Fernley Mayor Roy Edgington Jr., who served in the U.S. Air Force, delivered the keynote address and thanked the veterans from “The Greatest Generation” for their dedication to their country.

“Let us not forget all the sacrifices that were made up to the time of V-J (Victory Japan) Day,” Edgington said.

During his speech, Edgington revealed statistics about the United States’ involvement during the war. He said 6.5 million men and women enlisted while 11 million were drafted. The Fernley mayor, though, focused on the sacrifices of a country at war.

“When the U.S. went to war, it began building ships,” Edgington said, citing that 2,710 Liberty ships (a class of cargo ship) were manned by sailors coming from every segment of society, and it took workers 42 days to build each vessel.

The average time of military service was 33 months, and Edgington said that meant every service man and woman spent almost three years away from home, loved ones, family and jobs. Receiving communication was not as simple and quick today, he pointed out. For example, he said it took months to receive letters to the war zone.

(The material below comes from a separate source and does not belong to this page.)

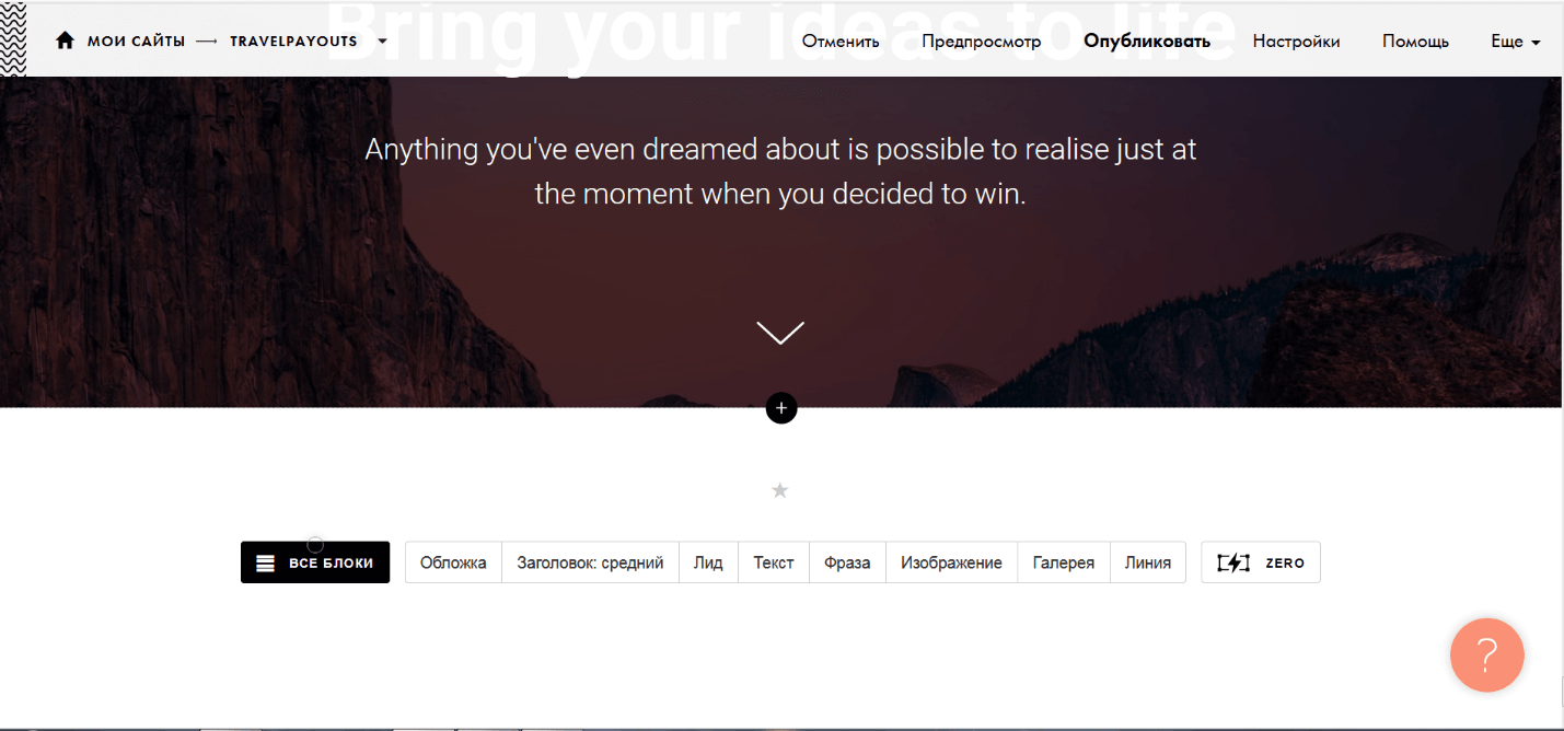 Об этой бесплатной платформе для создания сайта не знают разве что ленивые или совсем «зелёные» веб-мастера. В интернет-среде прочно сформировалось мнение, что Tilda — самый удобный и доступный конструктор. В Рунете известные и начинающие стартапы предпочитают иметь дело только с Тильдой. Интерфейс панели управления современный, важные модули выносятся на передний план с помощью анимации.

The nation’s industrial machine, though, contributed to the war effort. Edgington said an unprecedented amount of production occurred with the building of aircraft carriers, planes, railroad locomotives, rifles and ammunition. During the war, Edgington said Boeing built 12,731 B-17 Flying Fortress bombers, each one manned by nine to 10 crewmen who depended on each other, specifically during their mission over hostile enemy territory..

“We bombed them (Germans) during the day, and the RAF (Royal Air Force) bombed at night. We did that when all odds were against us,” he said of the hundreds of B-17 missions.

As Edgington discussed the losses, the 8th Bomber Command, later the 8th Air Force, suffered one-half of the U.S. Army Air Forces’ casualties in World War II including 26,000 deaths. Overall during both fronts of the war, Edgington said more than 416,800 servicemen and women died during, but millions more made sacrifices on the home front by changing their eating habits to limiting their consumption of gasoline to four gallons o fuel per week unless they were in a critical job.

By 1943, however, Edgington said the allies began to gain the upper hand against the Germans and Japanese. In mid-August 1945, three months after the Allies captured Germany, Japan surrendered after two B-29s dropped atomic bombs on key cities. Edgington said the U.S. was relieved the war ended.

“Celebrations took part in every major U.S city … the largest crowds in U.S history at New York City gathered in Times Square,” he said.

Edgington discussed President John F. Kennedy’s role during the war as a PT (Patrol Torpedo) boat skipper. In Kennedy’s inaugural speech in 1961, he said, “My fellow Americans, ask not what your country can do for you, ask what you can do for your country.”

That comment made more than 50 years ago still resonates with Edgington.

“You ask me that’s exactly what that generation did — (they) asked what do you need and stood up and did everything asked,” Edgington said.

During the ceremony, Edgington, along with veterans Ivan Bell Woodford and Ray Gawronski, posted a wreath commemorating the anniversary.

Gawronski, who lives in Carson City, served as flight engineer on a B-24 Liberator, a heavy bomber that saw action in every theater of the war. He successfully flew 25 combat missions over enemy terrain.

“We flew all over Germany, flew on D-Day and Battle of the Bulge,” Gawronski said.

But their missions — which began at England’s RAF Tibenham, a former Royal Air Force station southwest of Norwich — also came with the ultimate price.

“Our fatality rate was 18 percent of us,” he said.

After the war ended, Gawronski returned stateside where he was placed into the B-29 program, qualifying as a central fire control officer. He never saw action on a B-29 because of Japan’s surrender.

Many people who attended the ceremonies were friends and family of the veterans and also members of the chief petty officers mess and CPO selectees from Naval Air Station Fallon. They attended to pay their respects to the military men and women who fought in

“This is our heritage. These people have formed our country and military to what it is,” said Chief Petty Officer Cody Berg, who is assigned to the Naval Aviation Warfighting Development Center (NAWDC). “These were the leaders to what we are today.”